SALEM, Ore. — A sense of urgency filled the air as members of the Oregon House Committee on Economic Development, Small Business, and Trade listened intently to harrowing stories of recreation-related tragedies across the state, ranging from deadly drownings on the Rogue River to severe skiing incidents on both Mount Hood and Mount Bachelor. Among the testimonies on February 19 were accounts of disastrous events including a horrific rodeo accident and disturbing cases of abuse.
As stakeholders presented evidence, the focus also turned to the burgeoning financial pressures faced by outdoor recreational businesses. Proprietors from ski lodges and rafting enterprises to backcountry outfitters shared their struggles with rising insurance premiums, driven in part by steep jury awards.
Central to the legislative discussion was House Bill 3140, a contentious proposal that would permit recreational enterprises to require customers to forego their right to sue for ordinary negligence by signing a liability waiver. This type of negligence, generally understood to involve a lack of proper care that could have prevented harm, has become a point of contention.
The recreation sector, a significant contributor to Oregon’s economy with over $16 billion spent in 2022 alone, finds itself at odds with consumer advocates. Industry representatives argue that without the ability to enforce waivers, the financial sustainability of their businesses — largely comprised of small operators — is at risk.
Addressing lawmakers, Hannah Wintucky, a representative from the Outdoor Industry Association, underscored the importance of the bill to sustain outdoor access. Conversely, prominent trial lawyer David Sugerman highlighted the imbalance the bill would introduce by stripping consumers of protections against corporate negligence.
This debate harkens back to a landmark case nearly two decades ago involving Myles Bagley, an 18-year-old snowboarder from Bend who became paraplegic following an accident at Mount Bachelor. The Oregon Supreme Court in 2014 found it unconscionable to enforce a liability waiver Bagley had signed, a decision that has since placed Oregon’s stance on liability waivers under scrutiny.

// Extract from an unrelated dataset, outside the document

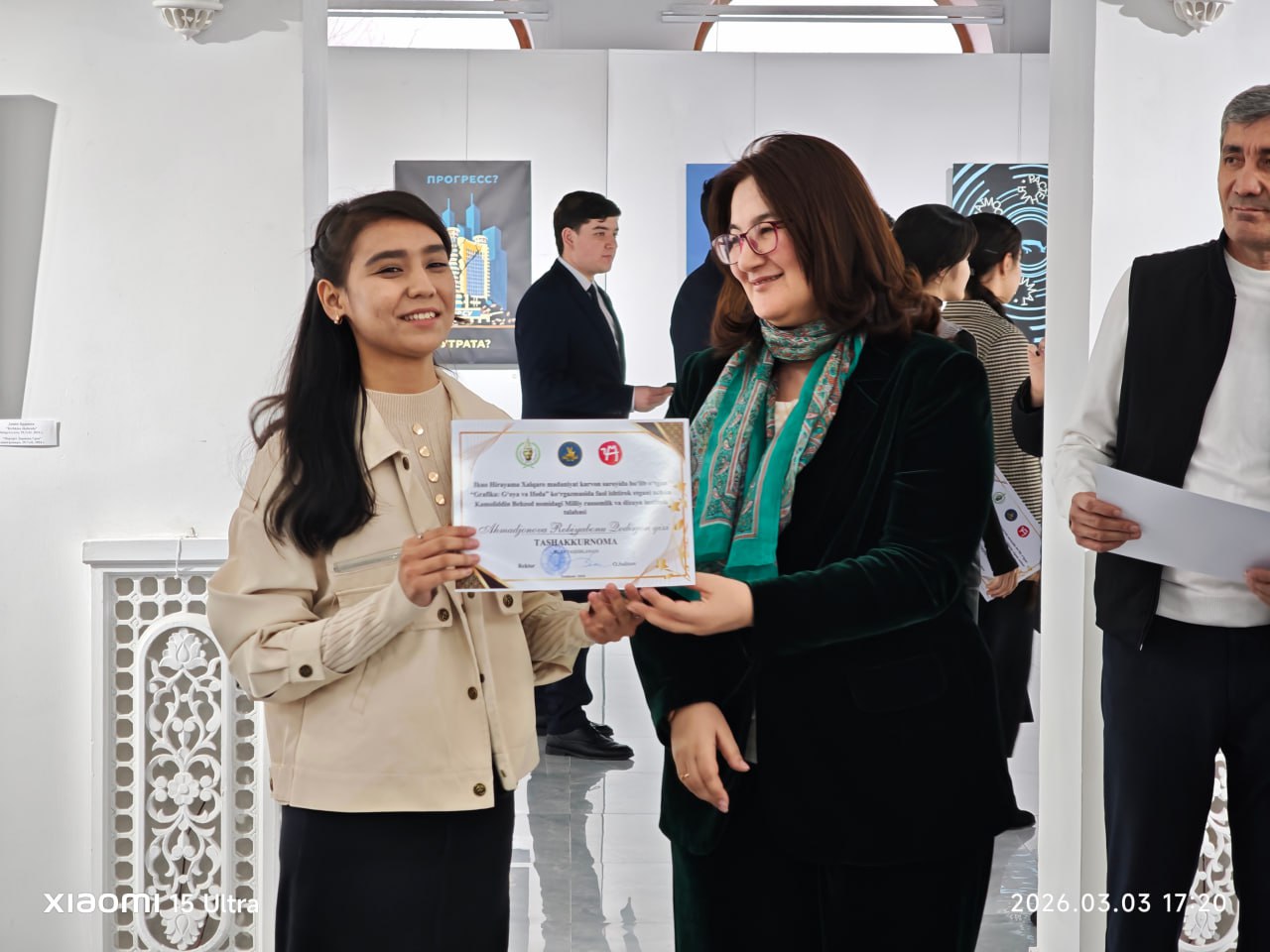 Ko`rgazmada ishtirok etgan dizayn fakulteti "Reklama va amaliy grafika ‘" yo‘nalishi talabalari: Suyunova Shamsiqamar, Xolmatova Dildora, Axmatjonova Robiyabonu, Abrayeva Sayyora, Abduqahhorova N., Garabayeva Leyla, Kim Yuliya, Samira Ravanova, Ruxshonaxon Ro`ziyeva, Tilashkova Anastasiya, Venera Hafizova.

Bagley’s testimony emphasized the vital financial motivations for resorts to maintain safety in their operations. He stressed that liability should not be dismissed for artificially enhanced terrains or critical decisions about when to close dangerous runs.
David Byrd from the Denver-based National Ski Areas Association pointed to the unique legal landscape in Oregon, suggesting that the 2014 ruling made it a regional anomaly that facilitates lawsuits.

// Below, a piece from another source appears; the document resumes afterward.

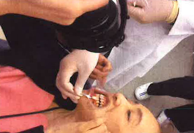 - 前歯の前面に接する部分にジェルを3mmほど出して付けます。トレーからはみ出さないようにご注意ください。

Meanwhile, insurance specialist Leslie Frazee and former defense attorney, now plaintiffs’ lawyer, Gretchen Mandekor voiced concerns over Oregon’s current protections for businesses. They noted that existing laws adequately shield companies from unfounded claims, advocating for personal responsibility among recreation participants.
The House Bill 3140 is set to move through further legislative scrutiny, reflecting a broader national conversation about the roles and responsibilities in recreational activity as noted in a recent Vanderbilt Law Review article. This ongoing debate captures a struggle between mitigating industry risks and preserving consumer rights.
In late June, a distressing incident added a personal face to the debate when Allison Hickey, a physical therapist from Bend, was seriously injured by a rogue rodeo bull. Hickey argues that while insurance costs are worth public concern, removing redress for injured parties is not justifiable.
As this legislative journey continues, its outcome holds significant implications not only for Oregon’s economy and legal framework but also for the fundamental principles of consumer protection and business operation within the recreational sector.